- Born: September 7, 1876 Eau Claire, Wisconsin
- Died: March 18, 1962 (aged 85) New Canaan, Connecticut
- Known for: portrait miniatures
- Spouse: Howard Logan Hildebrandt

= Cornelia Ellis Hildebrandt =

American painter (1876–1962)

Cornelia Ellis Hildebrandt (September 7, 1876 – March 18, 1962) was an American artist particularly known for her portrait miniatures. One of the last surviving figures from the revival of miniature painting in America at the turn of the 20th century, she lectured extensively on the genre in her later years.

==Life==
Hildebrandt was born Cornelia Trumbull Ellis in Eau Claire, Wisconsin, the daughter of Arthur Cadwalader and Eliza (Potter) Ellis. She studied at the Art Institute of Chicago and then spent two years in Paris (1897–1898), where she studied at the Académie Colarossi and with Augustus Koopman and Virginia Richmond Reynolds. During her time there she met the American portrait artist Howard Logan Hildebrandt, who would later become her husband. His painting Miss C is thought to be portrait of her.

On her return from Paris she had a studio in Chicago for a while, but after her marriage to Howard Hildebrandt on September 3, 1902, the couple settled in New York City.
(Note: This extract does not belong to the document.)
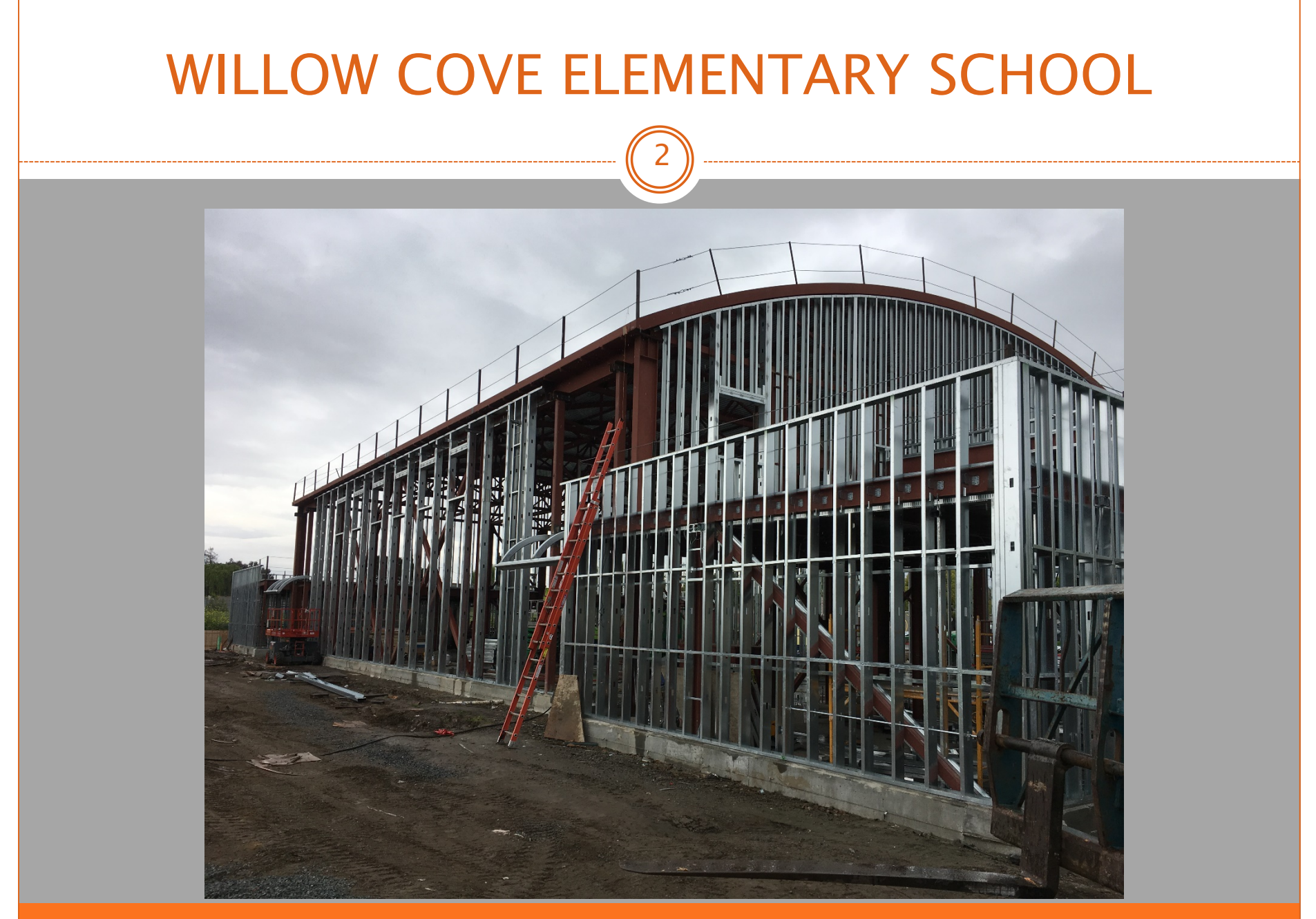
New Gym/MP Bldg. Exterior Walls Framing Ongoing- Looking Southeast

By 1912 she had established her career as a miniaturist with a solo exhibition of 15 of her paintings at the Worcester Art Museum. She was a member of the American Society of Miniature Painters and the National Association of Women Painters and Sculptors at whose exhibitions she was awarded numerous medals. During the 1930s she was also a member of the Works Progress Administration. Cornelia and Howard Hildebrandt spent much of their later years at their summer home in New Canaan, Connecticut. Howard Hildebrandt died in 1958. Cornelia died in New Canaan four years later at the age of 85.